# Rohloff OEM dropout conversion - Salsa Fargo



## tomacropod (Jul 23, 2004)

Guys,

Thought this might interest some of you. I've recently converted a Salsa Fargo to a Rohloff Speedhub using the OEM dropout design. A local framebuilder did the work for me, including fitting an EBB, cable guides and modifying the non-drive dropout.

Laced to Velocity Synergy rims (SON 28 front hub), 38t chainring, rides perfectly, just did my first service on the hub with the Rohloff kit and it's noticeably smoother.

Forgive the ugly touch-up paint, I'll be repainting it in the summer once I'm sure there's no more frame modifications required.

- Joel


----------



## dickyelsdon (Dec 22, 2010)

Interesting ideas, personally id have gone for chainstay/downtube cable routing.

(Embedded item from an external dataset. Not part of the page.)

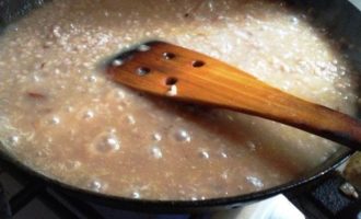 Небольшими порциями вливать бульон и готовить, постоянно помешивая, пока весь бульон не впитается. Посолить. Поперчить по вкусу.

Also why did you go for OEM mount instead of OEM2? it seems it would have been fairly simple to weld on a small boss for the required 5mm bolt, rather than all that extra metal that has been added.

Still, its a great bike and nice to see someone willing to go EBB rather than messing with sliding dropouts.


----------



## tomacropod (Jul 23, 2004)

OEM 2? I must be behind the times, plus, I picked up the hub second hand and it already had the OEM plate. I'm considering changing the routing as you say, just in order to remove rack mounting interference. I like it other than that.

- Joel


----------



## intheways (Apr 19, 2004)

Killer setup!


----------